Levi opened the door and held it while Rosmanda joined him outside. Then he headed over to the buggy barn. Rosmanda kept up with him, but she didn’t say anything. He put the basket of baked goods into the back of the buggy, and when he headed into the stable to get the horses, she stayed outside.
He paused, looking out at her through the window. She stood with her head down, her gaze locked on something at her feet. She was rigid—her spine straight and her shoulders back. She looked strained, worried, even. But even the chilly wind couldn’t move a tendril of hair free from her kapp.

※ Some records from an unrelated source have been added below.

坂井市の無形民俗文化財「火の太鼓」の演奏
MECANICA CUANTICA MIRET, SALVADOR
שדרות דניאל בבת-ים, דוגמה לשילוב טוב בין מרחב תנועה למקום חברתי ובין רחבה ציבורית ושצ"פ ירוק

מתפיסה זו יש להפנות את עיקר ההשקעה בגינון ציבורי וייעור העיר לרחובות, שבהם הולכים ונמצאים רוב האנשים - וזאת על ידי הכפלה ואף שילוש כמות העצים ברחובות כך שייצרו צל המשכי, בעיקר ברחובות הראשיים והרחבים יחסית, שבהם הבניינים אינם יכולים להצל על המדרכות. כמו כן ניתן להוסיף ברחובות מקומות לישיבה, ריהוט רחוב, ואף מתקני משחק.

“So bloody proper . . .” he muttered.
The curse was a habit, picked up in bars, but he liked it. It vented his frustration. Just once, he’d like to see her slip up—come out with a colorful curse, or slap someone straight across the face. Just once, he wanted to see her step down to a human level, and maybe that was why he enjoyed fighting with her so much. When she was mad, that careful veneer of hers that she’d polished up these last years slipped aside, and it was satisfying to see.

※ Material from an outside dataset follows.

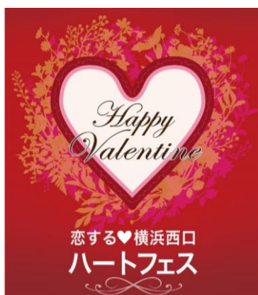
イベントメインビジュアル

【出店予定店舗】サンクトガーレン（チョコビール等）／ファミリーマート（チョコレート等）／ヴィ・ド・フランス（チョコスコーン等）／Palnart Poc（アクセサリー）／メッセージ シマミネ（アクセサリー）／HANAKOU（生花）／SALVATORE CUOMO（石釜ピザ等）／ストーブス（ハンバーガー等）／横浜国際ホテル（スープ等）／国際フード製菓専門学校（スイーツ、2月8日のみ）他

But no one else had seen that passionate side to Rosmanda. She was a good woman, a wife who had done well. And he was still the rebellious clod who embarrassed his family.
When Levi came outside with the horses, Rosmanda stood back, watching him as he got the horses saddled and ready to hitch up to the wagon.
“You don’t want to bring me along,” she said, breaking the silence between them for the first time.
“No, I don’t,” he admitted as he pulled the breast strap over the head of the first horse. He secured the strap and reached for the traces. His fingers knew the work.